Он открыл глаза, встретившись с настороженными, напряженными взглядами Артемьева и Сотниковой.
– Ну вот что, милостивые государи и государыни, сейчас возьмете бумагу и ручки и подробно, до мельчайших деталей, все напишите. Вы, Георгий Степанович, не просто укажите место, где Астахова-Рубецкого укрываете, но и до тропинки поясните, как туда добраться. Вы же, Капитолина Васильевна, особенно подробно опишите свою встречу с Математиком, то есть, с Лукиным. Поняли?
– Он поднялся: - Игорь, Алексей, поехали...
– и едва разомкнув губы, чуть слышно добавил: - ... разгребать эти авгиевы конюшни.
Костиков покорно протянул ключи от машины, с мольбой глядя на начальника:
– Петр Андреевич...
Тот лишь устало отмахнулся:
– Не трепыхайся, капитан за руль сядет.
Спустя минуту, хлопнула входная дверь и на лестнице послышались удаляющиеся шаги...
Глава четвертая
В мрачном настроении Малышев возвращался на работу. Зайдя в управление, поздоровался с дежурным.
– Товарищ полковник, - обратился тот, - вам несколько раз звонил главный врач онкологического диспансера. Просил срочно с ним связаться.
– Из онкодиспансера?
– в первый момент удивился Роман Иванович. Но тут же оживился: - Что он хотел?

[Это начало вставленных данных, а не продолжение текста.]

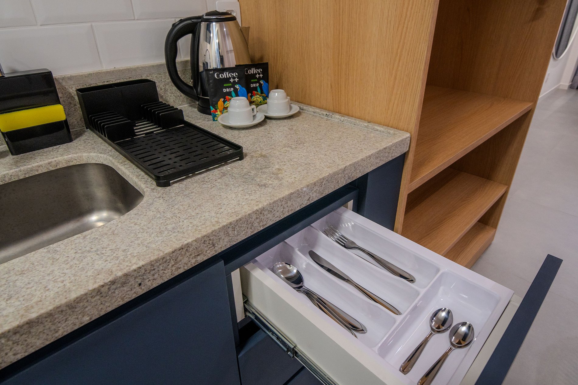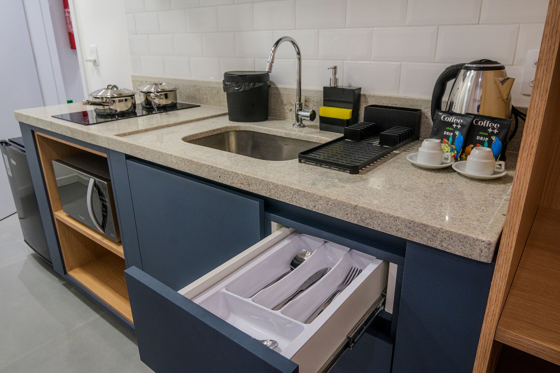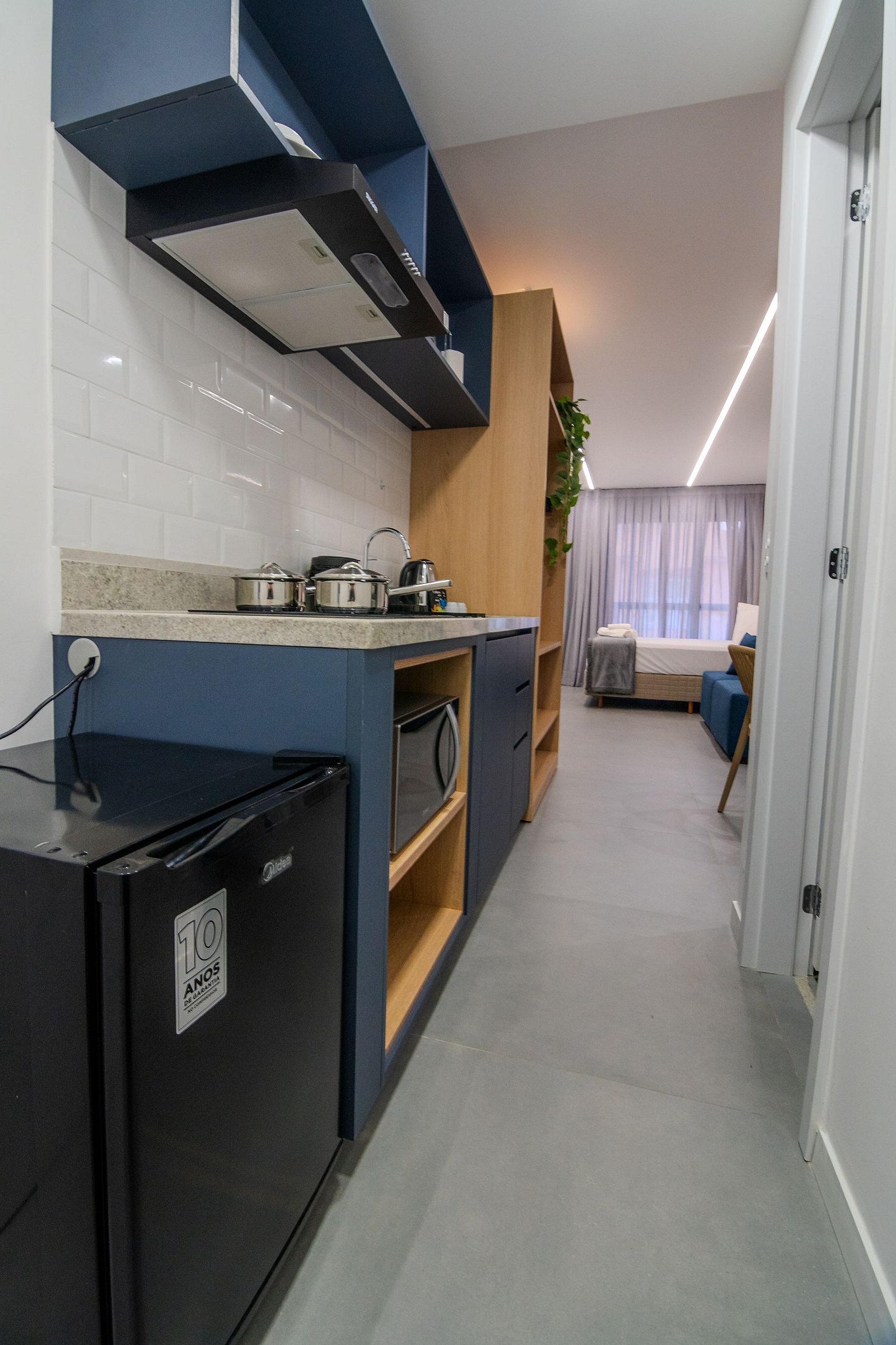 Apartamento executivo com cama queen size, TV de 43”, ar-condicionado, internet wifi e mesa de trabalho. Conta também com sofá e cozinha equipada com fogão de indução de 2 bocas, forno, frigobar, liquidificador, além de panelas, pratos, copos e talheres.

– Сказал, что у них находится больной в тяжелом состоянии.
– Дежурный скосил глаза на листок, лежащий на столе: - Стукаленко Борис Ильич, бывший сотрудник госбезопасности. Он хочет передать что-то важное.
– Хорошо, спасибо, - кивнул Роман Иванович.
– Если что, я в ближайшие полчаса-час буду там.
Через время он уже входил в четырехэтажное здание областного онкодиспансера. На первом этаже, где располагалась поликлиника и административные службы, от проходившей мимо медсестры он узнал, как пройти в кабинет главврача. Пока того искали, как раз сейчас шел общий обход, пока они встретились и переговорили, прошло еще некоторое время. Малышев нервничал, но внешне ему удавалось сохранять вежливое, внимательное спокойствие. Наконец, главврач сам проводил его на третий этаж и подвел к нужной палате.
– Я был сегодня у Бориса Ильича на обходе, поэтому заходить не буду. Вы уж сами...
– Он виновато отвел глаза, словно был лично виновен в причинах заболевания Стукаленко.
– Спасибо, - пробормотал Роман Иванович и, войдя в палату, прикрыв плотно дверь, в нерешительности остановился у порога.
Палата была одноместная. В углу на тумбочке стоял маленький переносной телевизор, лежали газеты и журналы. В изголовьи - еще одна повыше, на которой под белой, накрахмаленной салфеткой просматривались очертания разнокалиберных баночек и скляночек.